UM DUELO ENTRE IGUAIS

Um comentário sobre “UM DUELO ENTRE IGUAIS”

  1. ANDRÉ K.,

    Obrigado pelo elogio. De qualquer forma, não é mais do que a obrigação procurar enxergar o contexto sob um ponto-de-vista diferenciado.

    Creio que este deveria ser um exercício diário pra qualquer pessoa quando o interesse de desmistificar for sincero e buscar fazer com que uma comunidade reflita acerca de suas decisões coletivas.

    []’s,
    Hélio

  2. André,

    Tu és inteligente e crítico. Porém, tens o hábito de relacionar qualquer coisa a uma mera relação de causa e efeito quando o que realmente importa são os pormenores, os detalhes.

    Normalmente, uma observação política baseada na relação entre causa e efeito procura qualificar ou desqualificar algo ou alguém em função de fatos óbvios, porém inconclusos.

    Já uma observação do detalhe permite compreender o contexto que leva A a colaborar, fazer aliança ou até mesmo deixar de concordar e de participar da gestão de B.

    Obino pode ter sido pouco competente. Todavia, sob quais circunstâncias ele recebeu o GRÊMIO? Como rolava a bola de neve de erros de administração, das finanças e no futebol que desembocaram na queda para a Série B em 2004 e para o processo quase falimentar do clube?

    Portanto, o argumento de que Duda é Obino e Antônio Vicente Martins é Guerreiro é fraco na superfície. Afinal de contas, o amigo do derrotado, falido e constrangido não precisa ser um outro derrotado, falido e constrangido presidente. O mesmo vale para o amigo do megalomaníaco e pouco transparente em sua gestão.

    AVC é competente e sua chapa é muito boa. Duda, idem. Tenho certeza de que não vai haver animosidade depois da disputa.

    Se – e somente se – eu fosse rebater a tua afirmação dizendo que o GI e o MGN foram contrários a Odone e hoje “não prestam” porque decidiram esse tipo de aproximação a fim de entrarem no jogo, a gente não iria a lugar nenhum.

    Já passei da idade de acreditar em mocinhos e bandidos.

    []’s,
    Hélio

  3. É, o ideal seria uma terceira via distante dos carcomidos cardeis que lá gorjeiam. O meu candidato seria o Mauro Knijnik, um pessoa muito correta, mas acho que o estômago dele é muito sensível para comandar aquele vespeiro. O resultado desse vazio é votar com o nariz tapado e no conjunto mais confiável.

  4. A questão foi muito bem apresentada pelo Hélio.
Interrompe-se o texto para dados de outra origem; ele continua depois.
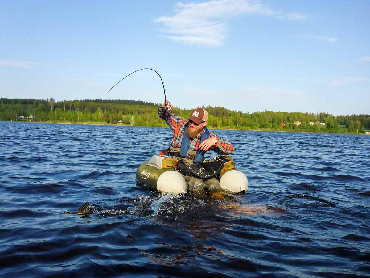Karussellfahrt: Selbst mittlere Hechte sind in den Schären extrem kampfstark und spielen Kreisel mit Bellyboot und Angler – den freut es!
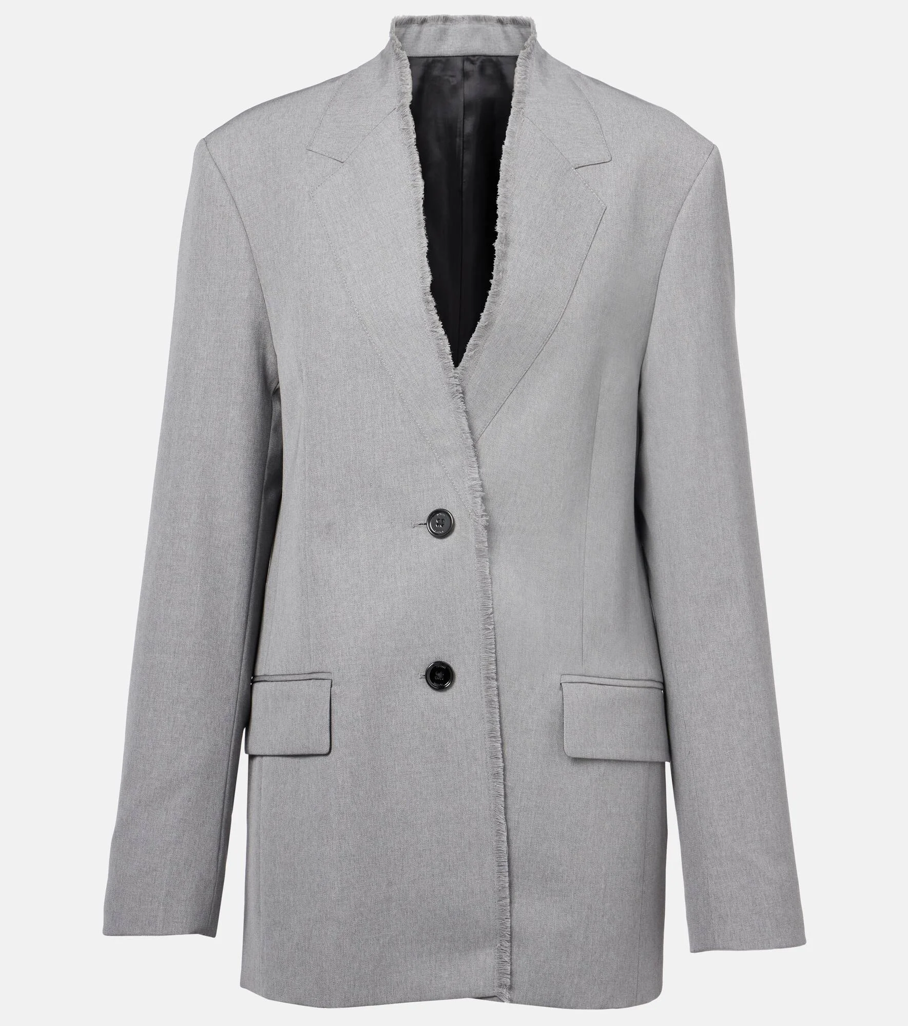 Define your dress code with styles from Toteme, a Stockholm-based brand dedicated to creating a modern uniform. This blazer is tailored from wool into a single-breasted silhouette with patch pockets, notched lapels, and fringed edges. Product Details - Material: 100% wool - Care instructions: dry clean - Made in Romania - Designer color name: Pale Grey Melange - Item color: gray - Contains non-textile parts of animal origin - Interlining: 100% viscose - Blazer - Closure: single-breasted (two buttons) - Pockets: flap pockets - Vent: single - Buttoned sleeves - Item number: P01075202 Size & Fit - True to size - For a closer fit, we recommend taking one size down - Shoulder pad inserts - Designed for a loose fit - Non-stretchy fabric - Falls below the hip - The model seen in the picture is 178cm-5'10" and wearing a size DE 34

A briga aqui não é bem ou mal, esquerda ou direita, PT ou anti-PT… o negócio é bem simples: quem tá fora quer entrar e quem está dentro não quer sair.

    Não existe uma clara definição de oposição e situação. A briga aqui é claramente de poder.

    Ou seja, o negócio é votar em quem acharmos menos pior ou com o menor número de companhias nefastas.

    Por mim, buscaria uma terceira via, algo que NÃO existe hoje.

    DÁ-LHE GRÊMIO!!!

  5. Caro André!

    Por favor, apresenta tuas opiniões de modo mais civilizado, OK.

    O ZO e o Vaz Neto (esquecestes do Dornéu) são da turma do Odone (e por extensão do Guerreiro), ou seja, por fidelidade votam no que o chefe manda. Esse trio (inclui mais um) esteve o tempo todo ao lado do Antonini, Bastos e do Odone e dizem por aí que o preferido para a presidência era o Vaz Neto, o que significa que, possivelmente, o Vicente não fosse para o segundo turno. Ele está lá por falta de alternativa do Odone.

    Com a notícia da manhã de que o Odone vai ser o diretor de futebol fico ainda mais longe do Vicente Martins. O Odone gosta é da tribuna da Assembléia e dos passeis em Punta. Na segundona, em vários momento, deixou o clube na mão, como vai ser diretor de futebol? Tudo discurso para enganar a torcida e não caio nessa.

    Fora os políticos e os corruptos.

  6. Grande Hélio!

    Assino embaixo no teu comentário. Vou na chapa do Duda, não por ele, mas pela pessoas que o acompanham, volto a frisar.

    Não tenho conhecimento mais próximo do Vicente Martins, no entanto, lembro da passagem dele no futebol na gestão do Guerreiro. Foi trágico. Nunca ouvi, li, ou soube, de autocrítica do Vicente em relação a gestão do Guerreiro, o que significa para mim um pecado capital, algo definidor. O apóio do Odone, um político aproveitador, arrogante e prepotente, que fugiu em vários momento quando da segundona, um divisor de água, se ele está de um lado eu estou de outro. Além disso, não vejo nos demais componentes da chapa um peso, uma experiência, uma trajetória, com força para legitimá-los como dirigentes, com tantos desafios a frente. O Imortal é uma instituição financeiramente falida e vai entrar em uma aventura chamada Arena. Não vejo na chapa do Vicente estofo para resolver tal drama, que é uma condição prévia para ganhar títulos.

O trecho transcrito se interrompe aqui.